Pandeminin başka bir dünya savaşı korkusuyla donanmış üçüncü yılına girerken, birçoğu kendilerini iyileştirme umudundan vazgeçti, bunun yerine uyuşukluğun konforunu kucaklamayı seçti.
Koronavirüsün ilk günlerinde, halkın karantinaya yaklaşımı aşağı yukarı ikiye bölünmüştü.
Yeni keşfettiğimiz bol zamanımızı toksik alışkanlıklardan kurtulmaya ve bizi birlikte bokumuz olarak yeniden markalaştıracak olanları benimsemeye kanalize etmeye yetecek kadar hevesli olanlarımız vardı.
Sonra, kış uykusuna yatma ve hiçbir şey yapmamanın puslu güvenli alanına daha da kayma fırsatından zevk alan bizler vardı.
İlki, #ThatGirl olarak bilinen estetik bir TikTok trendi tarafından popüler hale getirildi (bugüne kadar şaşırtıcı bir şekilde üç milyar izlenmeye ulaştı), aramızdaki coşkunun kendini geliştirme konusunda çıldırdığını gördü.
Bu, egzersiz yapmak için şafakta uyanmayı, on adımlık cilt bakım rutinlerini, uygulamaya koymadan önce dikkat, meditasyon ve tezahürün faydalarını incelemek için harcanan haftaları ve bir değil iki değil birkaç hobiyi benimsemeyi içeriyordu. daha sonra tamamen unutacaktık.
Birçoğumuz için bu, tam bir çalışma programına ve bilgisayar ekranlarımız aracılığıyla yapmak zorunda kaldığımız sosyalleşmeye ek olarak oldu.
Kabul ediyorum, saf bile hareket beni bir umutsuzluk çukuruna sürükleyen yazı. Listelediğim her şey doğası gereği kötü olmasa da, 24 saatimi yeterince yapıp yapmadığımı sorguladım.
Aslında, çoğu ruh sağlığı uzmanı, bu yaşam tarzı değişikliklerini optimum refahın anahtarı olarak ilan ederdi.
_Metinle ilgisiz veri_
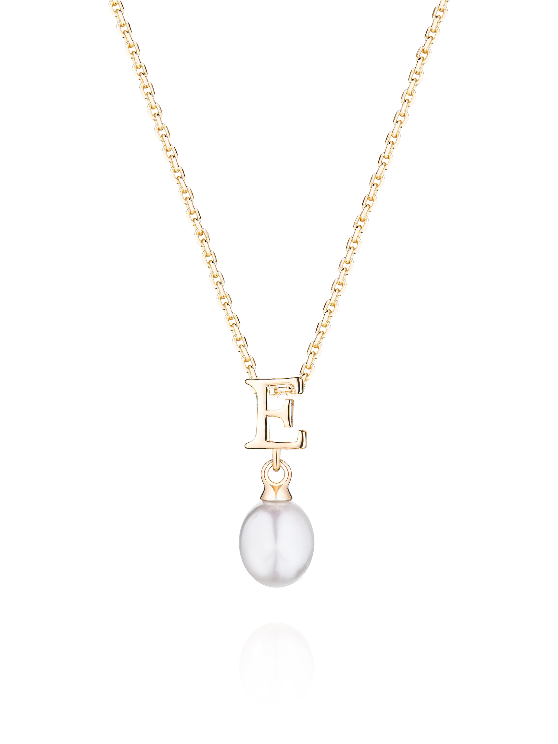 Gold-plated silver necklace with letter E pendant and pearl
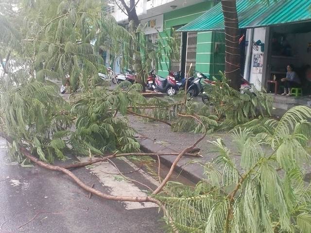 Ghi nhận của PV tại TP.Huế cho thấy, đến gần 18h ngày 14/9 mưa, gió bắt đầu lớn dần, một số cây xanh ở các con đường trong thành phố đã gãy đổ, giao thông đi lại gặp nhiều khó khăn do mưa to vào đúng giờ cao điểm.

Sağlık is zenginlik tabii.
Ancak, ilham verici içerik kisvesi altında derlendiklerinde, son birkaç aydır internette yaygın olan kız patron tipi koşuşturma kültürünün bir uzantısı haline geliyorlar ve o, dostlarım, kesinlikle kanlı yorucu olduğu zamandır.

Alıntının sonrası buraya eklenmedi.